Got drawn to fish the Castalia fish hatchery last Monday. Had a great time. many, many large fish.
Took my daughter up and she had a great time. Here are some of pics.


----------



## Poohflinger (Feb 2, 2010)

Been there myself! Great pics and good job!


----------



## flytyer (Jan 3, 2005)

It looks like your daughter was having a good time. Glad you and her had a good time.


----------



## TheCream (Mar 19, 2009)

Awesome! I have put in for that in the past, never been selected in the lottery.

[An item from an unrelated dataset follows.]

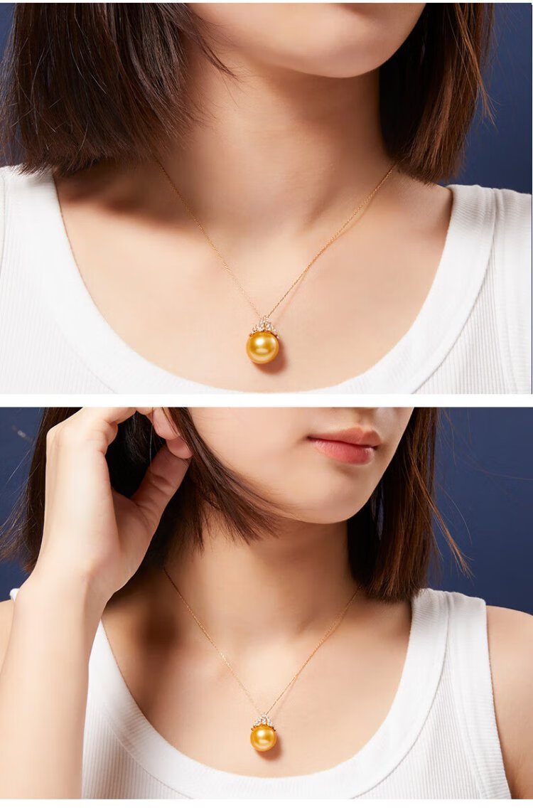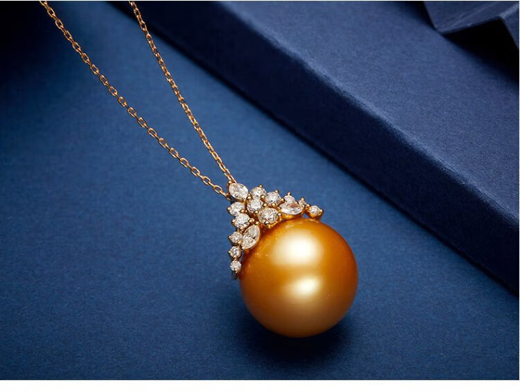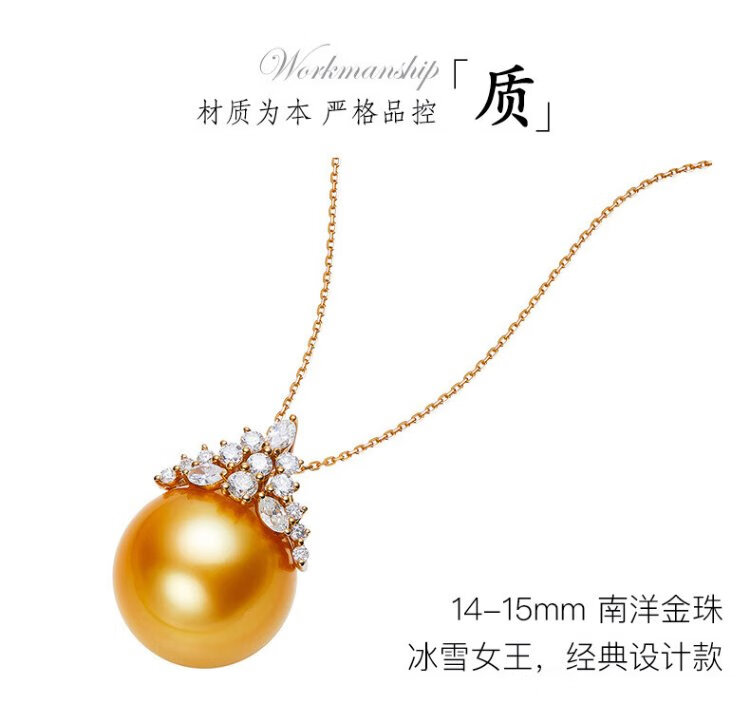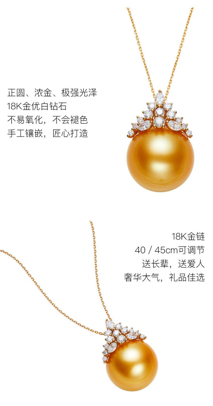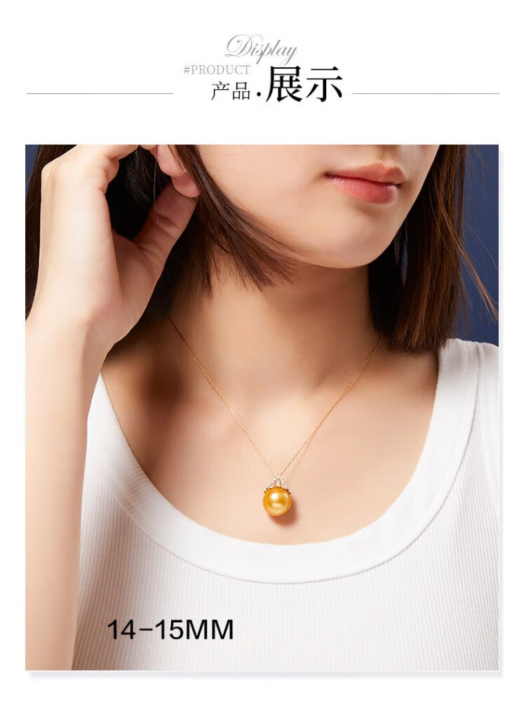 VCL Natural South Sea Gold Pearl Seawater Pearl 18K Diamond Pendant Ice Queen Perfect Round Thick Gold Gift for Mom 14-15mm Pendant Does Not Include Chain

Did you walk and try to spot bigger fish to target, or just fish for whatever would strike?


----------



## bigduck10 (Feb 15, 2009)

We moved around. Man are there some pig's in that stream. Are total weight for 10 trout was 33.5 pounds! I took them over to the Sandusky Fish Company and had them weighed and cleaned. Your not allowed to clean fish on the property.
I didn't want to drive back to Columbus and have to deal with that when I got home.
My daughter got 2 that weighed 4.1 and 3.6 pounds. She has a 5wgt from cableas but I put my Orvis reel on it and used 4X . She never had a fish burn line like those two large ones. She has caught wild fish in NY and they were 10-12 inches.
She was pretty amazed at the size of the fish. I took a cople of flies myself and filed the barb off so if I caught a smaller one it could get off.

Bill


----------